Goodness of fit test
Goodness of Fit Test Fundamentals
- The Goodness of fit test is a statistical hypothesis test to see how well observed data fit a theoretical model.
- The test investigates whether the observed frequency distribution differs significantly from a predicted distribution.
- It is a form of Chi-Squared Test and heavily used in models where you expect a particular distribution.
- The Null Hypothesis (H0) in a goodness of fit test states that there is no significant difference between the observed and expected data - that is, the data follow the specified distribution.
- The Alternative Hypothesis (H1) is that there is a significant difference between the observed and expected data - that is, the data do not follow the specified distribution.
Calculating the Goodness of Fit
- Initiate by noting the observed frequencies for each category or class of the data.
- Determine the expected frequencies for each category following the theoretical distribution under the null hypothesis.
- Calculate the test statistic, which is the sum of the squares of the difference between observed and expected frequencies, divided by the expected frequency, for each category.
- This test statistic follows a Chi-Square distribution.
- The number of degrees of freedom is usually calculated as the number of categories minus one.

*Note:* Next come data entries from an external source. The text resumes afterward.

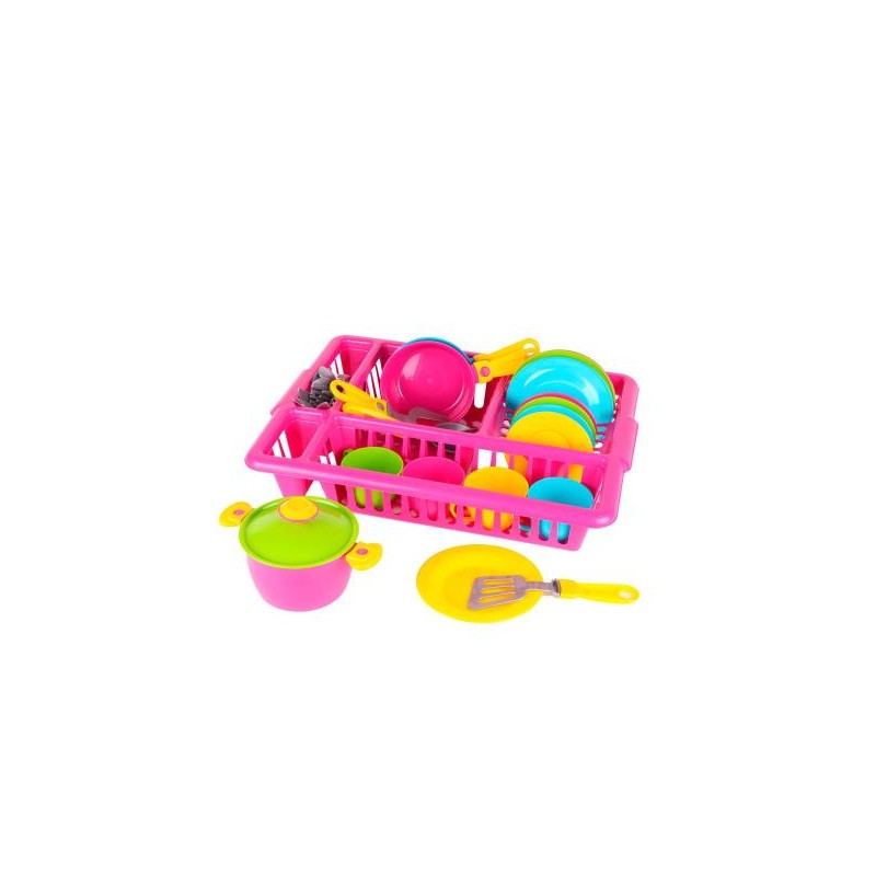 Zawartość: suszarki do naczyń, garnek z pokrywką, rondelek, patelnia, 4 duże talerze, 4 filiżanki, 4 małe talerzyki, przybory kuchenne, sztućce. Cechy: wszystkie elementy zestawu wykonane są z wytrzymałego i bezwonnego tworzywa sztucznego,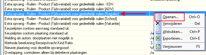 Klik met de RM-knop op de betreffende regel en kies Openen...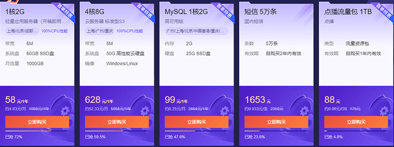11.11爆款商品提前购,1核2G云服务器首年58元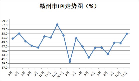 【權(quán)威發(fā)布】2025年12月贛州市物流業(yè)景氣指數(shù)為56.5%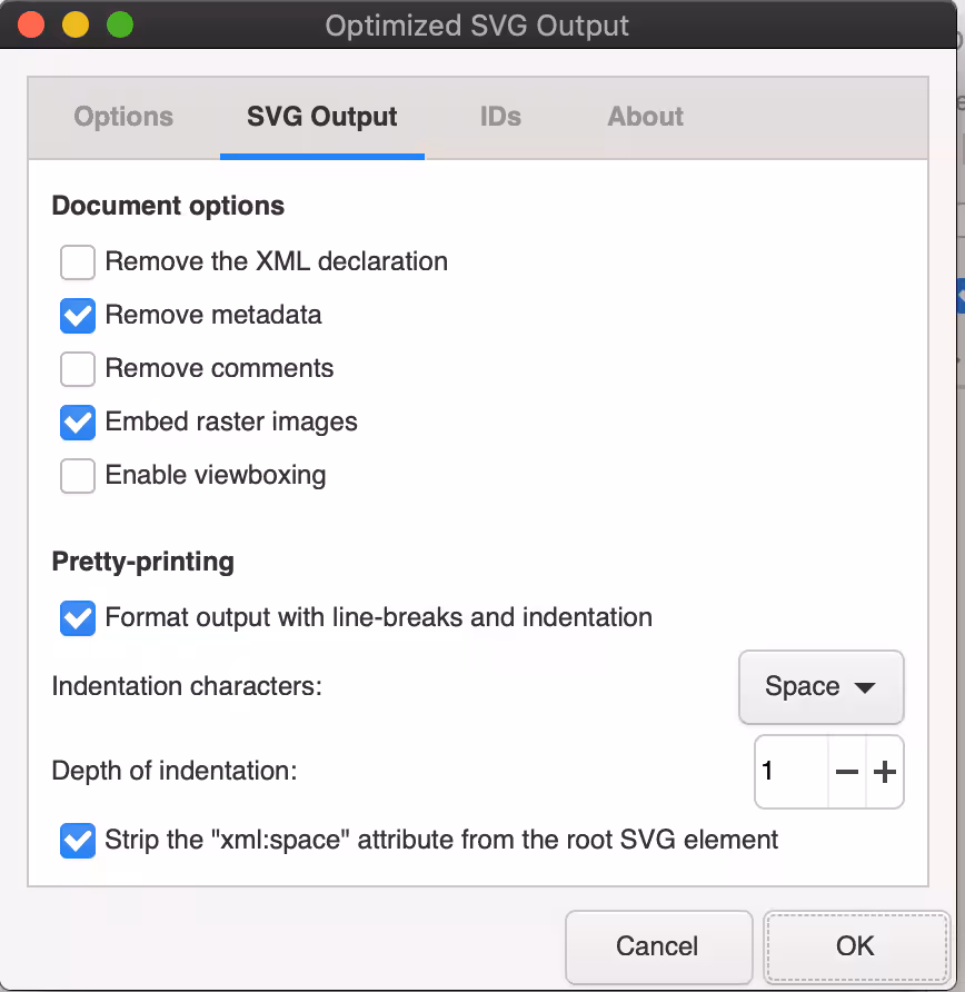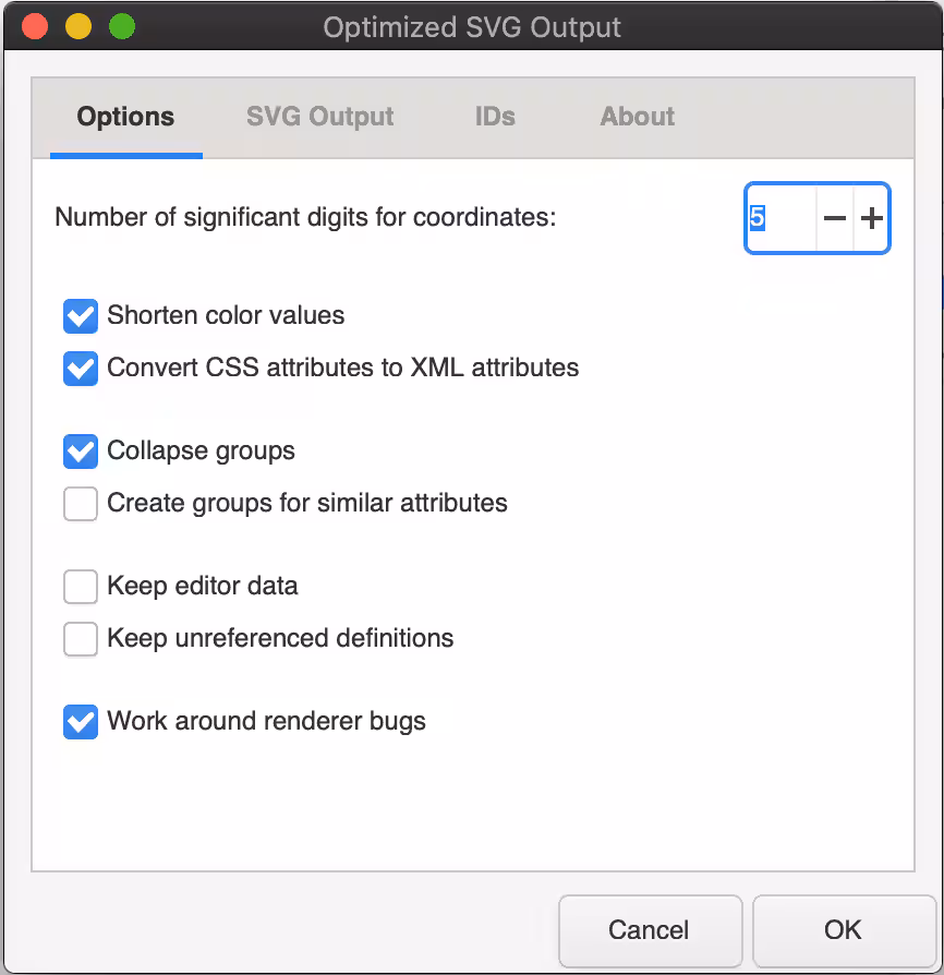 - You’ll want to select your “File Type” as an Optimized SVG. Here are the parameters I typically use. Again, this may not be a one-size fits all, but it’s a great start.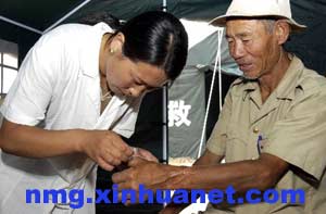 卫生院医生为受伤村民包扎伤口
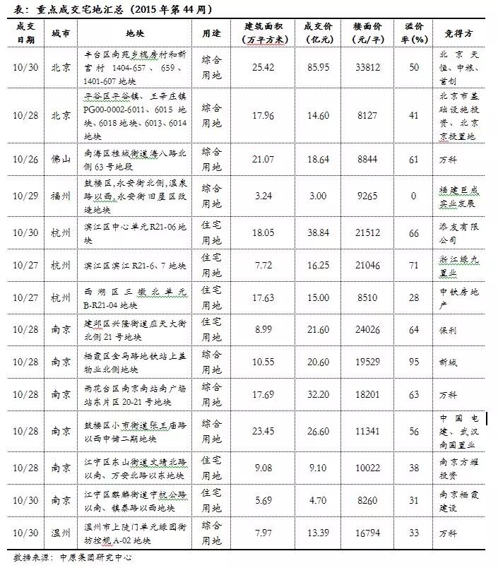◇ 南京宅地成交火爆:上周,南京宅地市场成交火爆,区域地王频现。最终,南京上周出让9宗含住用地,成交总价128.22亿元,其中4宗地块溢价率超过50%。保利竞得的建邺区兴隆街道地块楼面价达到24026元/平方米,成为南京历史单价地王,且其它多宗成交宅地均刷新区域楼面价纪录。南京今年下半年以来住宅成交持续火热,且房价涨幅明显,后市预期较好,引各大房企竞相抢地。9月南京新房价格指数同比涨幅仅次于四大一线城市,排名全国第五。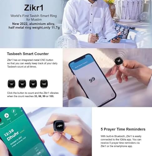 Furthermore, the multifunction tasbeeh ring tracks various forms of remembrance, not just the number of times a phrase is repeated. It can be customized to track specific prayers and supplications, offering flexibility and adaptability. The Muslim gadget also integrates with the ZikrZen app’s prayer reminder system, ensuring that you never miss a prayer, even during busy or travel-filled days.

Interpreting the Goodness of Fit Test Results
- If the calculated test statistic or Chi-Square value is less than the critical value from the Chi-Square distribution, there is not enough evidence to reject the null hypothesis.
- When the test statistic is greater than the critical value, the null hypothesis is rejected, indicating a significant difference between observed and expected data.
- Rejection of the null hypothesis suggests the data does not follow the theoretical distribution.
- Bear in mind, this test only indicates if there’s a significant difference; it doesn’t necessarily specify what the difference is.
- Always interpret the results in the context of the specific problem or dataset you’re working on. A low Chi-square value demonstrates a good fit of your data to the theoretical model, whereas a high value suggests a poor fit.
- Beware of overreliance on tests, including the goodness of fit test. Remember the principle that correlation does not imply causation. A good model fit doesn’t confirm the hypotheses involved but just suggests the model is plausible under the specified assumptions.